Top of DATA FOR REVIEW
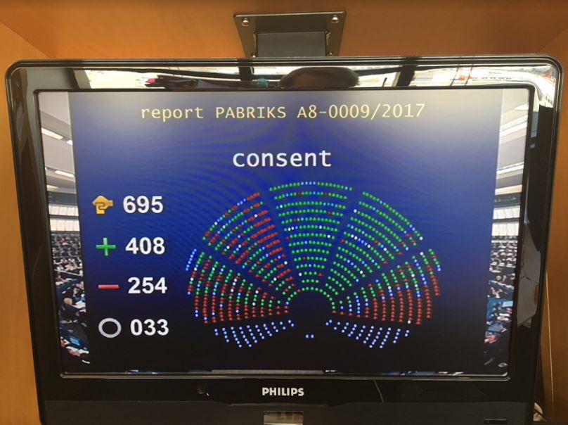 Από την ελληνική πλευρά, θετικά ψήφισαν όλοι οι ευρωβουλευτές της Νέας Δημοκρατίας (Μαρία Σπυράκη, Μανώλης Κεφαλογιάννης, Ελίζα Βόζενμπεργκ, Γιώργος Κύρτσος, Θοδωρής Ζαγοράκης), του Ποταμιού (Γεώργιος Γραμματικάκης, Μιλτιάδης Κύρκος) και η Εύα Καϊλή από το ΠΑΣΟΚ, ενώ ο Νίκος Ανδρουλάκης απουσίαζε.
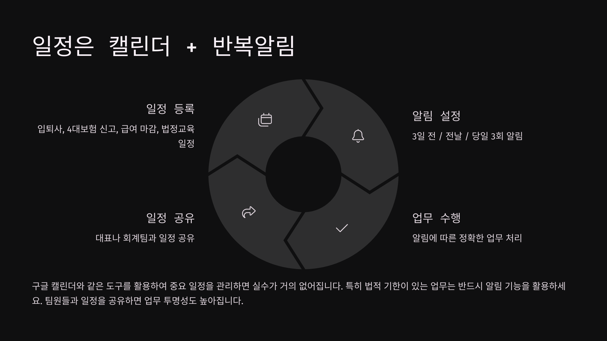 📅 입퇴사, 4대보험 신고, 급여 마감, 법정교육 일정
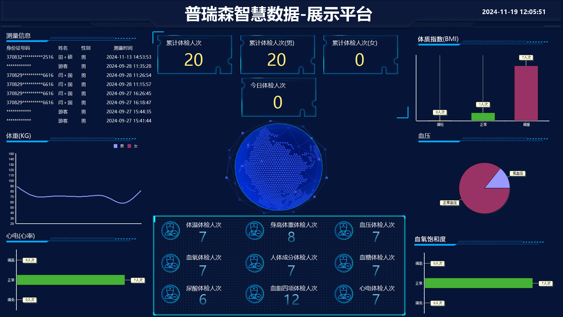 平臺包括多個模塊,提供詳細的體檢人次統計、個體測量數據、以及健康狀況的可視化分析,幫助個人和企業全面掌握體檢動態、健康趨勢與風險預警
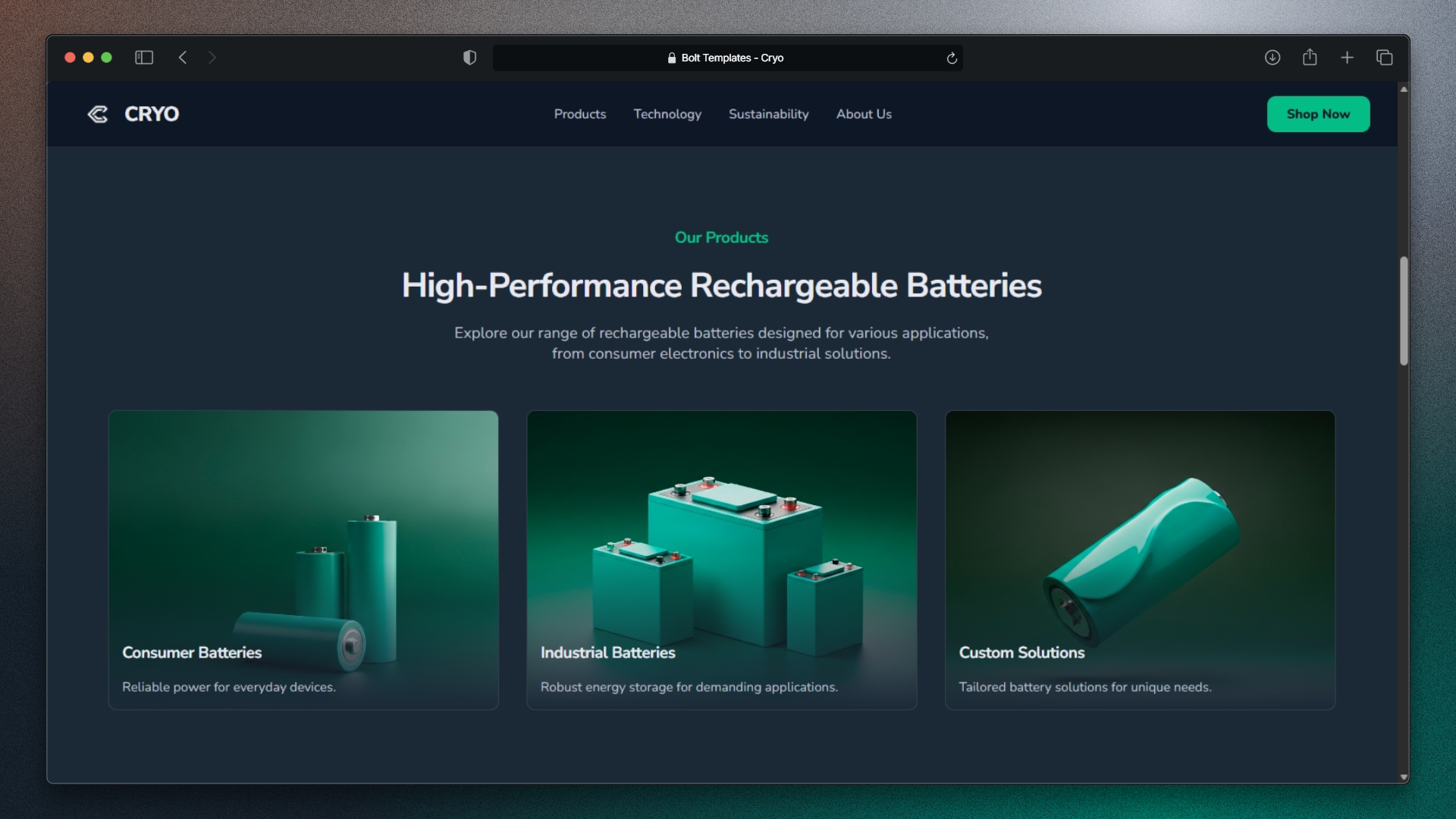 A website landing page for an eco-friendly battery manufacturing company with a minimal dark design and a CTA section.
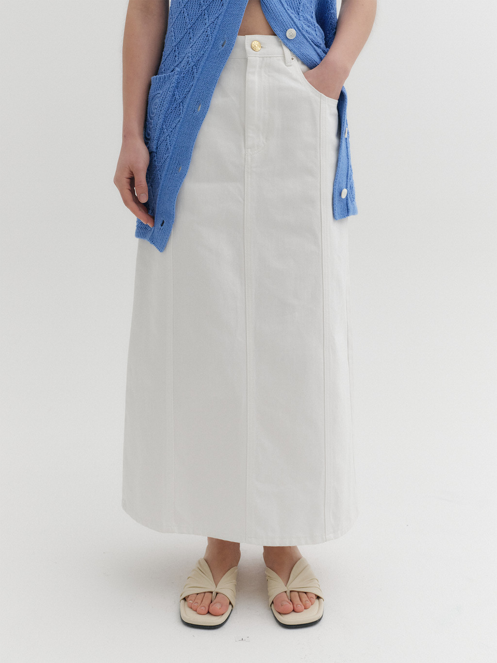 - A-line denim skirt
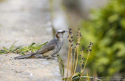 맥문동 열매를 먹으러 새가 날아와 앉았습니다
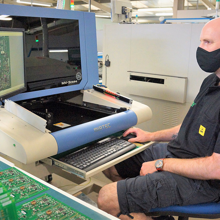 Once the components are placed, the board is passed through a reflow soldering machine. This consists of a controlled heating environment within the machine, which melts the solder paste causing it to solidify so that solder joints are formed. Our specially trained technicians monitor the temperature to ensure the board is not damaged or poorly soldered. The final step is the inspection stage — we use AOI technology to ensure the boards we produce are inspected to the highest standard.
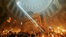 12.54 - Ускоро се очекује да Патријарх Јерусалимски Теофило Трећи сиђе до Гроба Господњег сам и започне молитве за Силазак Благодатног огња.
Bottom of DATA FOR REVIEW
• _WHAT YOU WILL DO_
Output exactly, and only, the lines running from the line containing "平臺包括多個模塊,提供詳細的" to the last line of the entries above, omitting the pictures.

• _WRITTEN SOLUTION_
 平臺包括多個模塊,提供詳細的體檢人次統計、個體測量數據、以及健康狀況的可視化分析,幫助個人和企業全面掌握體檢動態、健康趨勢與風險預警
 A website landing page for an eco-friendly battery manufacturing company with a minimal dark design and a CTA section.
 - A-line denim skirt
 맥문동 열매를 먹으러 새가 날아와 앉았습니다
 Once the components are placed, the board is passed through a reflow soldering machine. This consists of a controlled heating environment within the machine, which melts the solder paste causing it to solidify so that solder joints are formed. Our specially trained technicians monitor the temperature to ensure the board is not damaged or poorly soldered. The final step is the inspection stage — we use AOI technology to ensure the boards we produce are inspected to the highest standard.
 12.54 - Ускоро се очекује да Патријарх Јерусалимски Теофило Трећи сиђе до Гроба Господњег сам и започне молитве за Силазак Благодатног огња.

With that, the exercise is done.